━━━ Material for this task ━━━

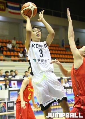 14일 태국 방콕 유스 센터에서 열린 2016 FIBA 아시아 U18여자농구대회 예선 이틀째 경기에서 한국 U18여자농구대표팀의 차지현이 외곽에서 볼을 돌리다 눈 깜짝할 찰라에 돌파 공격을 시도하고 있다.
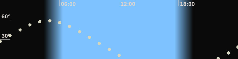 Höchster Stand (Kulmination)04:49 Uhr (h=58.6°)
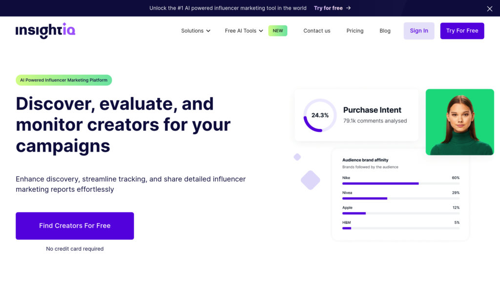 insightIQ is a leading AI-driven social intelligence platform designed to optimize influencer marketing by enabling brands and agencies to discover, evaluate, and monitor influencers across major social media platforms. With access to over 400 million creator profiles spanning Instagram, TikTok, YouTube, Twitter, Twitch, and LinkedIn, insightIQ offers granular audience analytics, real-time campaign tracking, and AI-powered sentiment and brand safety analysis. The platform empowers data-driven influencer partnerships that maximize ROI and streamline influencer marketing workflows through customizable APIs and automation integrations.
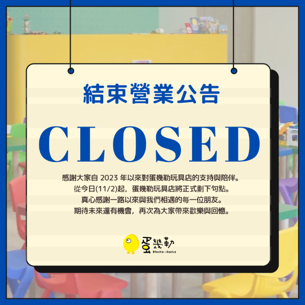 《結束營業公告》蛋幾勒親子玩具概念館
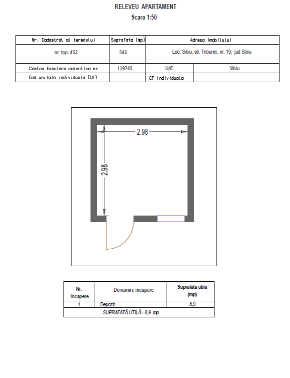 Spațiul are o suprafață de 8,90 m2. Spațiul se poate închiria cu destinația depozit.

━━━
━━━ Material for this task ━━━

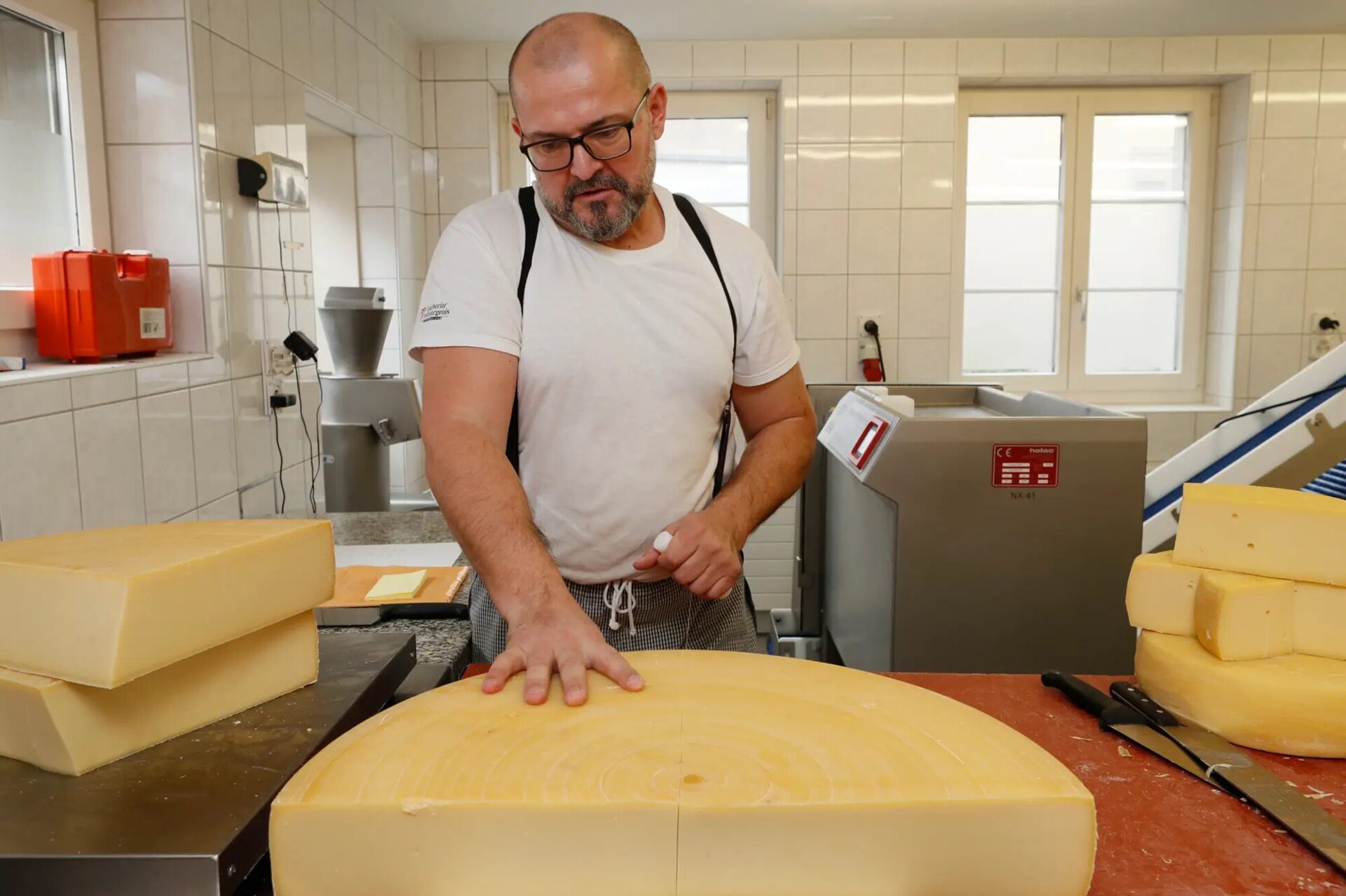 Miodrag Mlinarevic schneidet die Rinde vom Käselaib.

━━━

[Exercise instructions]
Pictures aside, print exactly the lines above starting with the one containing "14일 태국 방콕 유스" and going on through the one containing "Spațiul are o".

[Expected output]
 14일 태국 방콕 유스 센터에서 열린 2016 FIBA 아시아 U18여자농구대회 예선 이틀째 경기에서 한국 U18여자농구대표팀의 차지현이 외곽에서 볼을 돌리다 눈 깜짝할 찰라에 돌파 공격을 시도하고 있다.
 Höchster Stand (Kulmination)04:49 Uhr (h=58.6°)
 insightIQ is a leading AI-driven social intelligence platform designed to optimize influencer marketing by enabling brands and agencies to discover, evaluate, and monitor influencers across major social media platforms. With access to over 400 million creator profiles spanning Instagram, TikTok, YouTube, Twitter, Twitch, and LinkedIn, insightIQ offers granular audience analytics, real-time campaign tracking, and AI-powered sentiment and brand safety analysis. The platform empowers data-driven influencer partnerships that maximize ROI and streamline influencer marketing workflows through customizable APIs and automation integrations.
 《結束營業公告》蛋幾勒親子玩具概念館
 Spațiul are o suprafață de 8,90 m2. Spațiul se poate închiria cu destinația depozit.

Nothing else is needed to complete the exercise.